As analytics adoption has grown in healthcare, the need to measure the effectiveness of the efforts connected with it has risen as well. This has seen the development of analytics maturity models, such as those created by the Health Information Management Systems Society (HIMSS).
HIMSS’ Adoption Model for Analytics Maturity (AMAM) is the most well-known example and is tailored specifically to the needs, goals and capabilities of the healthcare industry. The society has previously created adoption models for technologies such as the electronic medical record (EMRAM), infrastructure (INFRAM) and, most recently, digital imaging. These measure the capabilities gained through the implementation of technology and processes.
But the AMAM is more a measurement designed to examine and enhance an organization’s analytics capabilities. Applicable internationally, the AMAM involves eight stages before an organization has reached full maturity.
Starting from Stage 0 and climbing to stage 7, the maturity model provides healthcare organizations with a structured, prescriptive assessment to help them develop and advance their approach to analytics. Additionally, it’s a framework that is clearly defined, boasts a certain level of flexibility and is not influenced by vendors.
The stages are described as such:
Stage 0- Generally, this is where all organizations start as they learn about how their analytics efforts can improve operational efficiency in response to market pressures and business demands. At this stage, solutions are usually fragmented across different points of care.
Stage 1- Considered the foundation building phase, stage 1 is where data aggregation into a centralized location occurs and governance is established. This allows for the collation and distribution of data to a number of analysts occurs, so that analytics efforts can begin.

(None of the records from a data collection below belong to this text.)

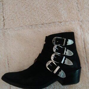 Fantastic Toga Pulla Suede embroidered Western Boots. Black with silver hardware. Leather lining and leather sole. Made in Portugal. Gently worn.
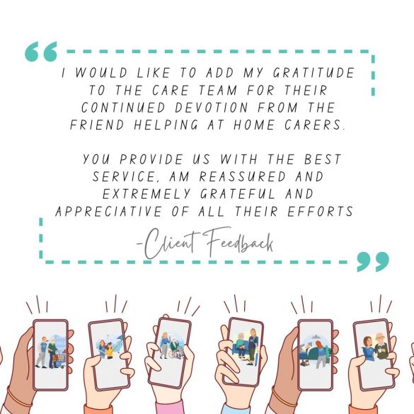 “I would like to add my gratitude to the care team for their continued devotion from the Friends Helping at Home Carers. You provide us with the best service. I am reassured and extremely grateful and appreciative of all their efforts.”
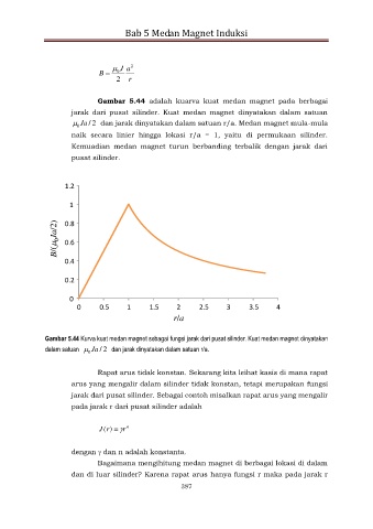 Gambar 5.44 Kurva kuat medan magnet sebagai fungsi jarak dari pusat silinder. Kuat medan magnet dinyatakan

Stage 2- Data warehousing and analytics competency come into play at this point. Data is seen as an enterprise resource free of master data management and begins to support basic clinical and operational tasks. This stage also see the rise of an analytics competency center that sets standards for analytic skills and education within the organization.

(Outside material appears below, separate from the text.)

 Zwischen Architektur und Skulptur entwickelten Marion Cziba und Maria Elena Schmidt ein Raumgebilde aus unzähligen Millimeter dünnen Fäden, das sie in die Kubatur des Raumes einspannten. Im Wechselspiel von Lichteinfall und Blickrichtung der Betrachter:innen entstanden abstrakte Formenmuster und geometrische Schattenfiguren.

Stage 3- Reporting on a consistent basis is vital to analytics success. Stage 3 focuses on the enterprise wide ability to perform descriptive reporting. Data quality should be stable at this stage and the tools around it standardize as is access to the data warehouse.
Stage 4- All analytics assets, infrastructure and skills target the improvement of clinical, financial and operational aspects of the healthcare facility. The primary focus is to support evidence-based care and to reduce operational variability and clinical waste.
Stage 5- Population health, quality and the economics of care take center stage here. Organizations are tasked with expanding their point of care analytics and demonstrating that they can have an impact on population health efforts. At this stage, data governance should support reporting on the quality of performance and enhance the organization’s understanding of its costs related to care.
Stage 6- Predictive analytics enters the equation at this stage as organizations are pushed to broaden the focus of the content of the data they collect and whether or not it can support clinical decision support as well as risk intervention.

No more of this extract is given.